With statics, you could write it like this:
def merge_shortest(things): static len=len ...
Simple. Easy. Reliable. (And this usage would work with pretty much any of the defined semantics.) There's no more confusion.
So basically for me anything that involves the programmer saying "Please make this part faster" is a hack. :-) We all want everything to be as fast as possible all the time, and in sofar as we're concerned about speed we should focus on making the entire interpreter smarter so everything is faster, rather than adding new ways for the programmer do extra work to make just a few things faster.
It's never a bad thing to make the interpreter smarter and faster, if it can be done without semantic changes. (Mark Shannon has some current plans that, I believe, fit that description.) This is different, though - the behaviour WILL change, so it MUST be under programmer control.
Even something like a way of specifying constants (which has been
proposed in another thread) would be better to my eye. That would let certain variables be marked as "safe" so that they could always be looked up fast because we'd be sure they're never going to change.
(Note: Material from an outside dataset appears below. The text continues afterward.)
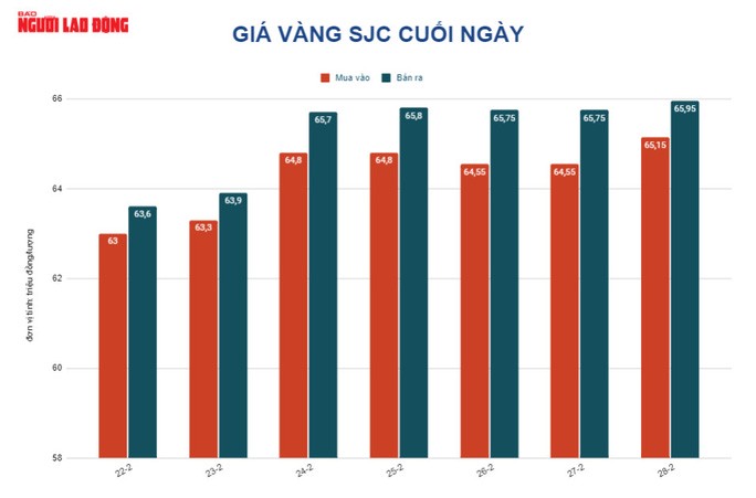 Trước đó tại Việt Nam, thị trường vàng biến động khá sốc. Giá vàng SJC đầu ngày 28-2 tăng 1 triệu đồng/lượng, cán mức 66 triệu đồng/lượng. Thế nhưng, do sức mua yếu nên giá vàng SJC vào cuối ngày xuống còn 65,95 triệu đồng/lượng.
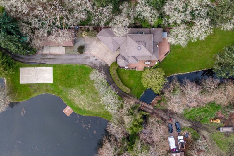 Price Improvement! On Purvis Pond you will find this GATED estate property with manicured grounds. Nearly 4 acres w/a meandering creek that feeds out to Tule Lake. You can simply move into this home with updated & sun filled kitchen; gas cooking; stainless appliances & conversation sized island. All overlooking the POND & outdoor living areas. MAIN FLOOR primary suite w/ generous sized spa like bath w/ sauna-all overlooking your deck; grounds & the sounds of water. Upstairs--two more bedrooms; shared bath. 2ND DETACHED garage makes for perfect storage of all your toys, SPORTS COURT/PICKLE BALL court & even a quaint bridge to the acreage. OPEN SPACE designation allows for discounted taxes. Close to all services; minutes to I5 & JBLM. Unique.

Question: When does this constant get looked up?
def merge_shortest(things): constant len=len ...
Is it looked up as the function begins execution, or when the function is defined? How much are you going to assume that it won't change?
As to the original proposal, I'm not in favor of it. It's fairly
uncommon for me to want to do this, and in the cases where I do, Python classes are simple enough that I can just make a class with a method (or a __call__ if I want to be really cool) that stores the data in a way that's more transparent and more clearly connected to the normal ways of storing state in Python. It just isn't worth adding yet another complexity to the language for this minor use case.
Yes, static state can always be implemented with a class or closure instead. You may notice that the optimization technique still exists, and for very good reason :) Plus, it's often just unnecessary overhead to lay out your code that way. It should be trivially easy to convert something from a global to a function-scoped static, but reworking it to a closure/class is an actual refactor with notable changes.
Python could have been defined with no classes. Instead, we could have all just used factory functions, with a bunch of local variables in the constructor for private state, and a bunch of things packaged up into a dict as the public API. Why do we have classes? Because they are better at expressing the things we need to express.
ChrisA